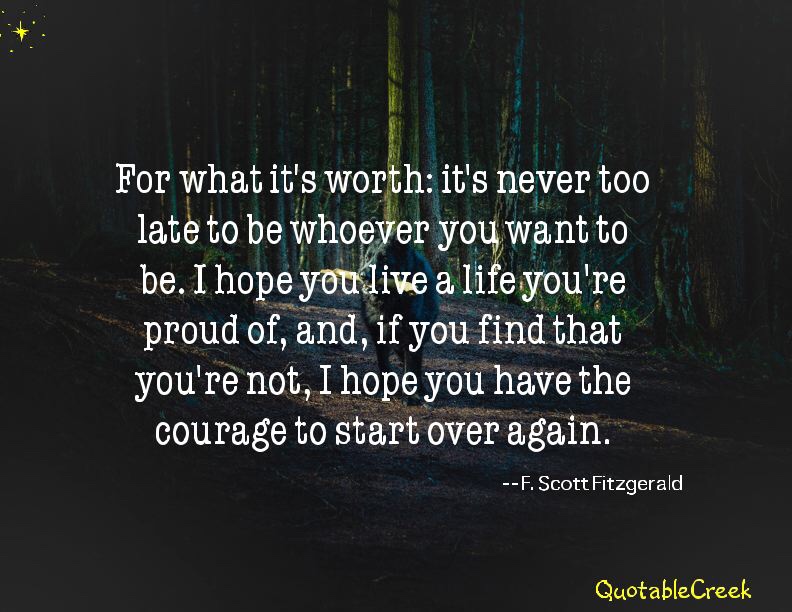 For what it’s worth…it’s never too late, or in my case too early, to be whoever you want to be. There’s no time limit. Start whenever you want. You can change or stay the same. There are no rules to this thing. We can make the best or the worst of it. I hope you make the best of it. I hope you see things that startle you. I hope you feel things you’ve never felt before. I hope you meet people who have a different point of view. I hope you live a life you’re proud of, and if you’re not, I hope you have the courage to start over again.
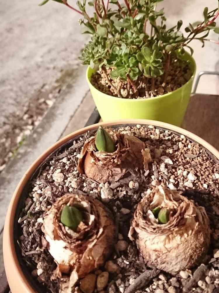 去年夏越して乾燥の土のまま冬越しして芽吹きを感じて水やりして今の状態🌱
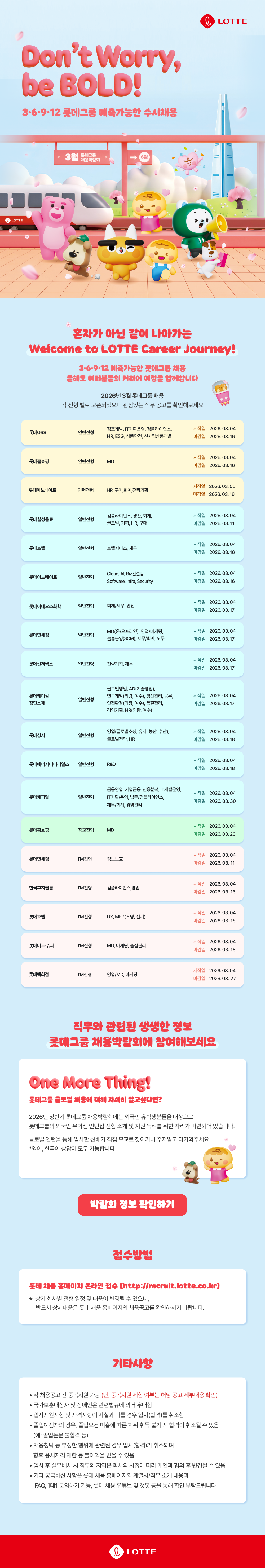 [롯데그룹] 3·6·9·12 예측가능한 롯데그룹 채용 '3월 공고 오픈' (3/4~) ■ 지원서 접수 - 접수 방법 : 롯데 채용 홈페이지 온라인 접수(?https://recruit.lotte.co.kr/) - 서류모집 기간 : 2026.03.04(수) ~ * 서류모집 기간의 경우, 계열사 별 상이하여 자세한 사항은 홈페이지 확인 바랍니다. ■ 모집 전형 - 인턴 전형 - 일반 전형 (장교전형 동일) - I'M 전형 ■ 모집 직무 - 영업/마케팅 - 지원/전략 - IT - 기술 - 연구개발 - 디자인 등 ■ 2026년 3월 롯데그룹 채용박람회 - 일시 : 2026년 3월 3일(화) ~ 3월 9일(월) - 진행 학교 : 서울대, 고려대, 한양대, 연세대, 서강대, 성균관대(자연), 이화여대 * 외국인 유학생분들도 참여하실 수 있는 글로벌 채용 부스와 함께 참가자분들을 위한 다양한 이벤트가 준비되어있으니 많은 관심 부탁드립니다. ※ 자세한 사항은 홈페이지를 확인해주세요! - 채용 홈페이지 : https://lotte-36912recruit.com/ |

◇ ◇ ◇ ◇

_DIRECTIONS_
Give back the full data exactly as it reads, but drop the pictures.

_REPLY_
 For what it’s worth…it’s never too late, or in my case too early, to be whoever you want to be. There’s no time limit. Start whenever you want. You can change or stay the same. There are no rules to this thing. We can make the best or the worst of it. I hope you make the best of it. I hope you see things that startle you. I hope you feel things you’ve never felt before. I hope you meet people who have a different point of view. I hope you live a life you’re proud of, and if you’re not, I hope you have the courage to start over again.
 去年夏越して乾燥の土のまま冬越しして芽吹きを感じて水やりして今の状態🌱
 [롯데그룹] 3·6·9·12 예측가능한 롯데그룹 채용 '3월 공고 오픈' (3/4~) ■ 지원서 접수 - 접수 방법 : 롯데 채용 홈페이지 온라인 접수(?https://recruit.lotte.co.kr/) - 서류모집 기간 : 2026.03.04(수) ~ * 서류모집 기간의 경우, 계열사 별 상이하여 자세한 사항은 홈페이지 확인 바랍니다. ■ 모집 전형 - 인턴 전형 - 일반 전형 (장교전형 동일) - I'M 전형 ■ 모집 직무 - 영업/마케팅 - 지원/전략 - IT - 기술 - 연구개발 - 디자인 등 ■ 2026년 3월 롯데그룹 채용박람회 - 일시 : 2026년 3월 3일(화) ~ 3월 9일(월) - 진행 학교 : 서울대, 고려대, 한양대, 연세대, 서강대, 성균관대(자연), 이화여대 * 외국인 유학생분들도 참여하실 수 있는 글로벌 채용 부스와 함께 참가자분들을 위한 다양한 이벤트가 준비되어있으니 많은 관심 부탁드립니다. ※ 자세한 사항은 홈페이지를 확인해주세요! - 채용 홈페이지 : https://lotte-36912recruit.com/ |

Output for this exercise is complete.